A $350,000 Increase in CIO Pay Could Lead to 60 Basis Points of Outperformance, Says New Study

More surprisingly, the study also found that performance-based compensation did not improve investment returns.

Pension funds could improve their performance by between 48 to 60 basis points if they were to pay their CIOs more, according to a study published as a working paper for the Wharton Pension Research Council at the University of Pennsylvania. This translates to between $75 million and $95 million per year in extra returns for the average public pension.

The CIO dataset is unique because unlike the data for most investment management executives on Wall Street, the data on CIO compensation is publicly available.

The study compiled data from the Boston Center for Retirement Research and over 150 Freedom of Information Act requests to different states. By combining all these sources, the researchers were able to come up with a set of data that included variables like CIO compensation, investment return, asset allocation and geographic location.

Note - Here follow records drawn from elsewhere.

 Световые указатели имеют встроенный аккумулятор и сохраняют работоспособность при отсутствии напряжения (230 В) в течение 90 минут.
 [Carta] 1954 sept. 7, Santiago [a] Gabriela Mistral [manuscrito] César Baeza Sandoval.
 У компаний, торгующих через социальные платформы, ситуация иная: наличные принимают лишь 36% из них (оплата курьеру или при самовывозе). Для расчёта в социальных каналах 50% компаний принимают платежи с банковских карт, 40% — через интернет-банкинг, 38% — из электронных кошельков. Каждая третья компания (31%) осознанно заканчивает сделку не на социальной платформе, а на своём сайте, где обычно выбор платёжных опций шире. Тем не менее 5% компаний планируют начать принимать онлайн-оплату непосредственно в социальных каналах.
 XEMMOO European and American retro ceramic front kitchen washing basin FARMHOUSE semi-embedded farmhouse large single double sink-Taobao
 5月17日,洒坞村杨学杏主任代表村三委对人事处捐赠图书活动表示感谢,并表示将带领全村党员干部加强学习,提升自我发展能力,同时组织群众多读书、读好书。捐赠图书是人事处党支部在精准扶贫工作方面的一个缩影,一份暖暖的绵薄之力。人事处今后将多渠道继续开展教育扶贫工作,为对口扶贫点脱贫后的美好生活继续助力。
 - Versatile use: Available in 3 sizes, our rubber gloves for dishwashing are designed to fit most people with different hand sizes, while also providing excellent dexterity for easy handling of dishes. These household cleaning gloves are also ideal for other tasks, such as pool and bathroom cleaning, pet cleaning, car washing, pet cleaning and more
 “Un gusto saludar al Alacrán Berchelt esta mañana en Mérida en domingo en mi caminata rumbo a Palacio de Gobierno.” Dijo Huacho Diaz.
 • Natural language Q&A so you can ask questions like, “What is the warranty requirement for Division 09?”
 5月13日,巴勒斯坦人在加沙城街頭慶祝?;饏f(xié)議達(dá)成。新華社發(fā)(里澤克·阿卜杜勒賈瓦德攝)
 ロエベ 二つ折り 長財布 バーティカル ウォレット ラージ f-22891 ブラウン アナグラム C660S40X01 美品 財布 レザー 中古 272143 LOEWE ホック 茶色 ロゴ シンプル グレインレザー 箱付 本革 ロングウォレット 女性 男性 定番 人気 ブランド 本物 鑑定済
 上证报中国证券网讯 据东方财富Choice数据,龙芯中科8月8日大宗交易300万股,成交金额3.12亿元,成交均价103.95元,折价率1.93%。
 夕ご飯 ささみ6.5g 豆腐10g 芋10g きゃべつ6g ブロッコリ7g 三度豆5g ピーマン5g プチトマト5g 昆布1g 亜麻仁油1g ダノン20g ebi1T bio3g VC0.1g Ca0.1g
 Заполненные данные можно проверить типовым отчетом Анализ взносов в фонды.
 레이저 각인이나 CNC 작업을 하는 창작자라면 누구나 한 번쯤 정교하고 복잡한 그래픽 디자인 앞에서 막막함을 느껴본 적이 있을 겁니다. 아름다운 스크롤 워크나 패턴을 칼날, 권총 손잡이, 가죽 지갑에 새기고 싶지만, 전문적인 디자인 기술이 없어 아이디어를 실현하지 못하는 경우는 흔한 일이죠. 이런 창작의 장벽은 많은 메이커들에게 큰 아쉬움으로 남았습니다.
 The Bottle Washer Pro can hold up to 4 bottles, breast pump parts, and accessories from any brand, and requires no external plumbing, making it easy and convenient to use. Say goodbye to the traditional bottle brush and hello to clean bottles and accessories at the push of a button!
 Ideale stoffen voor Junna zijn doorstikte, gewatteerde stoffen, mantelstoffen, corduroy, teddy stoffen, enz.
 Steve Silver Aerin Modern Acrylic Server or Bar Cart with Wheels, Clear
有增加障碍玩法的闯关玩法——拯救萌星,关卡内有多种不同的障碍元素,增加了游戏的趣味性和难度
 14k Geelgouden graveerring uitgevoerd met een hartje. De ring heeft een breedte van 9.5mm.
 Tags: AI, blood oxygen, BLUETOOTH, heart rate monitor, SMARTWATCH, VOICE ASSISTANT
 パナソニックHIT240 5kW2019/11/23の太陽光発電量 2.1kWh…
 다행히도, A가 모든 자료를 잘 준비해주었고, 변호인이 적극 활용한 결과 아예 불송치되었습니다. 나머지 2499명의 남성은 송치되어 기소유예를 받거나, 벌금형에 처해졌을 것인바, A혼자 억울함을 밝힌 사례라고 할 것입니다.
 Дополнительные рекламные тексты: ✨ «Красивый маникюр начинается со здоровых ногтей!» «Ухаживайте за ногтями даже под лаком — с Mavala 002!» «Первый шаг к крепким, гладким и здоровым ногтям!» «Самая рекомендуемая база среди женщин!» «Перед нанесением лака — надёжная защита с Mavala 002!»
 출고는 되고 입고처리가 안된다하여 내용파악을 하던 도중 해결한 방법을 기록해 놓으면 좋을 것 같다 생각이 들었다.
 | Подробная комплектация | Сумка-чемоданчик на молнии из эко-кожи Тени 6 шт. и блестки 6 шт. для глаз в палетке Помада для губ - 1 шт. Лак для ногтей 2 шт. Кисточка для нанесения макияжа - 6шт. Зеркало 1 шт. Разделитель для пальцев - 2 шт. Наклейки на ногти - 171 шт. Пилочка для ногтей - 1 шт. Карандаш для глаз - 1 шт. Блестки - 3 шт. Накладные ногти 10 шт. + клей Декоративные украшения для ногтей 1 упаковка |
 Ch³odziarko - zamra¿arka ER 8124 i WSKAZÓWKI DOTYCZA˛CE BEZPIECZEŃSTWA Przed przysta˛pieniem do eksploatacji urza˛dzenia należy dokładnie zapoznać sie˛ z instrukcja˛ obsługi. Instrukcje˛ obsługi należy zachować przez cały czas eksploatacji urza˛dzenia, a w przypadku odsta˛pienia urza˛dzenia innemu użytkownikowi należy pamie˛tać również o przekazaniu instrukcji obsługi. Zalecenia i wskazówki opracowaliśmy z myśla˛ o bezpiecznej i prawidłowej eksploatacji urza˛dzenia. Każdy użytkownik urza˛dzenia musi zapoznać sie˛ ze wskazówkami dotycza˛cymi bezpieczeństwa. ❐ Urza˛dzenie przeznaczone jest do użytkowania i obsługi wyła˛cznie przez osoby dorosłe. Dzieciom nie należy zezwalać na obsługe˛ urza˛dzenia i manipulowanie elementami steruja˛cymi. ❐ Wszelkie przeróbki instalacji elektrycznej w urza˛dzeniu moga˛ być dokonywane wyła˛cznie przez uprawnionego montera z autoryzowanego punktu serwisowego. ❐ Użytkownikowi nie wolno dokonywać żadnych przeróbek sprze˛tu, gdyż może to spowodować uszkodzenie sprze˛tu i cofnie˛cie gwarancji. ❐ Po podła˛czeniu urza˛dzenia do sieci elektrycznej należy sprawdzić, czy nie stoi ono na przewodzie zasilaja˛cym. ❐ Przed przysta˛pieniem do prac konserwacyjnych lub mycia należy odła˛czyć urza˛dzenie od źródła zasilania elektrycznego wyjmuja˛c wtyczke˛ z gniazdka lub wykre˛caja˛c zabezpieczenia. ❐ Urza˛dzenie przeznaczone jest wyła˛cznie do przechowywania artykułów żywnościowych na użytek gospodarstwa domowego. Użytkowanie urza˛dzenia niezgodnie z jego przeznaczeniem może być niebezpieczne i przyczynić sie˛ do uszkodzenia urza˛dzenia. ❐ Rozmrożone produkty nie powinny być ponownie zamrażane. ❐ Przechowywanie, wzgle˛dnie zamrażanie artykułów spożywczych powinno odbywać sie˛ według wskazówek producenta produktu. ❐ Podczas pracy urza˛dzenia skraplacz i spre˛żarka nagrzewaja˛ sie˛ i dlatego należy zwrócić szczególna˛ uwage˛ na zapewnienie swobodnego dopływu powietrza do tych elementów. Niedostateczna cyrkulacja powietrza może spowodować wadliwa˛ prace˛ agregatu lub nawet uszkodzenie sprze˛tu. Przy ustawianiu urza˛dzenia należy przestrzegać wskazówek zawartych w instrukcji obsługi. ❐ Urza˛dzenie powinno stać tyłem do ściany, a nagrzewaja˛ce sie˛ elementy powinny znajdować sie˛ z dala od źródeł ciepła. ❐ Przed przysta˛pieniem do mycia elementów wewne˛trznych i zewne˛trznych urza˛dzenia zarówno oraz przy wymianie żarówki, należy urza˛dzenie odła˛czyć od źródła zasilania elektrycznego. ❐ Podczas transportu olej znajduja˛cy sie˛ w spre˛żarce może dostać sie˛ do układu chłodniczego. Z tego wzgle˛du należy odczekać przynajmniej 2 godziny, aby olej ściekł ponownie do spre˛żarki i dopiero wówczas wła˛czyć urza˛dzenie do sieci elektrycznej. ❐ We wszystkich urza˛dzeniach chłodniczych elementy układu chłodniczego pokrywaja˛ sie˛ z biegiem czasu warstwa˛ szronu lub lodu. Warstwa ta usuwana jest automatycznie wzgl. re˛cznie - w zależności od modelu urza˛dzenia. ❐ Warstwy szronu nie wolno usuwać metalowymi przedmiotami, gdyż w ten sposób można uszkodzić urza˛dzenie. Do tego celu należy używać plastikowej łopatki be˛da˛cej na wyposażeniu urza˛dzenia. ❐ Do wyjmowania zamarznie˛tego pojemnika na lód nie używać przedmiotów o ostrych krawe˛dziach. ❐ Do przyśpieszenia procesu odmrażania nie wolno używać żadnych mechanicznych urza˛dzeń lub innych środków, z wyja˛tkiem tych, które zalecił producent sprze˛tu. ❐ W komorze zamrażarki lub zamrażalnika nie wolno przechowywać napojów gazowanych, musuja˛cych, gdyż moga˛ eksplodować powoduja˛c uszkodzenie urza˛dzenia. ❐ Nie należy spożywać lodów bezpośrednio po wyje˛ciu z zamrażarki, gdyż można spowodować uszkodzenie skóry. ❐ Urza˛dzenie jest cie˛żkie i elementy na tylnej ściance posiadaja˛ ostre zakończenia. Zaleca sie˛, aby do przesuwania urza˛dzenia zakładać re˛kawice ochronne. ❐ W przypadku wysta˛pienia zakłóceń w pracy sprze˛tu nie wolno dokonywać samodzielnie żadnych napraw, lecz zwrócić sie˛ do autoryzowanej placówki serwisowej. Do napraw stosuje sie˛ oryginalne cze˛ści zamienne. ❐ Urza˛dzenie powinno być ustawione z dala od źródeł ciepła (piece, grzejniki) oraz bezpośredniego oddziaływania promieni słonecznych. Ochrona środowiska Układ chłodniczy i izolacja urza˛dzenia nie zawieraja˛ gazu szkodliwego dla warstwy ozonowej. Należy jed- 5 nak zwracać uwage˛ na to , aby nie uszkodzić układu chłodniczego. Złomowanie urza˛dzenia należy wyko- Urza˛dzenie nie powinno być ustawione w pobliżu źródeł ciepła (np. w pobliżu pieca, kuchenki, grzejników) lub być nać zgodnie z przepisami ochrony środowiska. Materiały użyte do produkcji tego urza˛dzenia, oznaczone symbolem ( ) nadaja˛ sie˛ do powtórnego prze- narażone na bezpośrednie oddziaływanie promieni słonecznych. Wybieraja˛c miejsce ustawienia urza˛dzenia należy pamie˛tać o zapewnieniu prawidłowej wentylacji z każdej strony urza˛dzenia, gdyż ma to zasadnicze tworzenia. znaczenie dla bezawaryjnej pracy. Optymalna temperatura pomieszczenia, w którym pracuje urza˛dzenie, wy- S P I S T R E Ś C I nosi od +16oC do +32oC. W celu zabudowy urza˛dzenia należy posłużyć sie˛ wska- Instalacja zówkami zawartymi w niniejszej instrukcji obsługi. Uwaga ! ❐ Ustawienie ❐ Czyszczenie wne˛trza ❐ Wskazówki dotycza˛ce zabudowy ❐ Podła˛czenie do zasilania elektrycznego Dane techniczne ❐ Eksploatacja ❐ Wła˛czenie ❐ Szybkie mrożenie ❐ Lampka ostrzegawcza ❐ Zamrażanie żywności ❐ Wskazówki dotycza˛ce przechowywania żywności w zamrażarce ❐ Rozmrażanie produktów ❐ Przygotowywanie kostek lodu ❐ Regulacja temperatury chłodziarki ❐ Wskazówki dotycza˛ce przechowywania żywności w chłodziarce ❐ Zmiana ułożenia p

They then used regression analysis to determine that plans in the top quartile of investment returns paid their CIOs approximately $350,000 more than plans in the bottom quartile. These differences appeared significant even when accounting for factors like plan size and geographic location.

“I am very confident in saying that compensation does affect performance as a statistically significant effect,” said Kevin Mullally, an assistant professor of finance at the University of Central Florida who co-authored the study.

The bulk of the performance difference seemed to be attributable to asset allocation, according to the data. In particular, plans in the top quartile of CIO compensation allocated approximately 3.4% more to private equity, 2.4% more to real estate, and 0.8% less to commodities compared to the average plan in the study. The study also found that highly paid CIOs had better return averages within private equity and real estate.

CIOs with better compensation were also found to trade less often and be less prone to the disposition effect, in which investors sell assets that have increased in value and hold assets that have dropped in value. Additionally, those who were paid more were more likely to stay at the same job for a longer period of time, which was also associated with better performance.

One counterintuitive finding in the study was that incentive-based compensation like bonuses seemed to have no effect on CIO performance.

Mullally explained that the best way to understand the statistical technique they used to calculate incentive-based pay’s effectiveness is to imagine two CIOs who make the same amount of money each year. One CIO received all the compensation as part of her base salary while the other CIO received part of his compensation through an incentive-based bonus structure. Ultimately, the economists could determine the effectiveness of the bonuses by seeing if the person paid partly through a bonus had a better performance on average. This was how they discovered that bonuses and incentive-based compensation do not appear to affect performance.

“Initially, that was a bit shocking. It goes against what most people think about when it comes to being effective,” said Mullally.

Nevertheless, Mullally says that as he has spoken to more CIOs, the results have made more sense to him.

“I asked them, suppose I offered you a million dollars if you could generate 2% to 3% higher returns, how exactly would you go about doing that?” said Mullally. “And none of them could really give me a good answer. I mean I suppose theoretically you could work a little bit harder. But most of these guys already work pretty hard.”